Расстояние между двумя мостами катер по течению реки проплыл за 5 часов, а против течения реки за 6

Problem Analysis

To find the speed of the boat, we need to use the formula: speed = distance / time. We are given the time it takes for the boat to travel between two bridges, both with and against the current of the river. We also know the speed of the river's current. Using this information, we can calculate the speed of the boat.

Solution

Let's assume the distance between the two bridges is d km and the speed of the boat is b km/h.

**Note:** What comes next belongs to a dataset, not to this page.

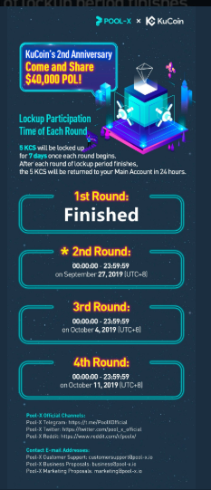 KuCoin is down for the last round of Pool-X tomorrow and they adjusted the time for it. See the updated information about IWANTPOL here; https://twitter.com/pool_x_official/status/1181772926346919936

When the boat is traveling with the current, its effective speed is the sum of its own speed and the speed of the current. Therefore, the boat covers the distance between the bridges in 5 hours. We can write this as:

d = (b + 2) * 5 When the boat is traveling against the current, its effective speed is the difference between its own speed and the speed of the current. Therefore, the boat covers the same distance between the bridges in 6 hours. We can write this as:

d = (b - 2) * 6 Now we have a system of two equations with two unknowns (d and b). We can solve this system to find the value of b.

Solving the System of Equations

Let's solve the system of equations:

From equation 1: d = (b + 2) * 5

From equation 2: d = (b - 2) * 6

Setting the two equations equal to each other:

(b + 2) * 5 = (b - 2) * 6

Expanding and simplifying:

5b + 10 = 6b - 12

10 + 12 = 6b - 5b

22 = b

Therefore, the speed of the boat is 22 km/h.

Answer

The speed of the boat is 22 km/h.

Explanation

When the boat is traveling with the current, it covers the distance between the bridges in 5 hours. When it is traveling against the current, it covers the same distance in 6 hours. By solving the system of equations, we find that the speed of the boat is 22 km/h.

I hope this helps! Let me know if you have any further questions.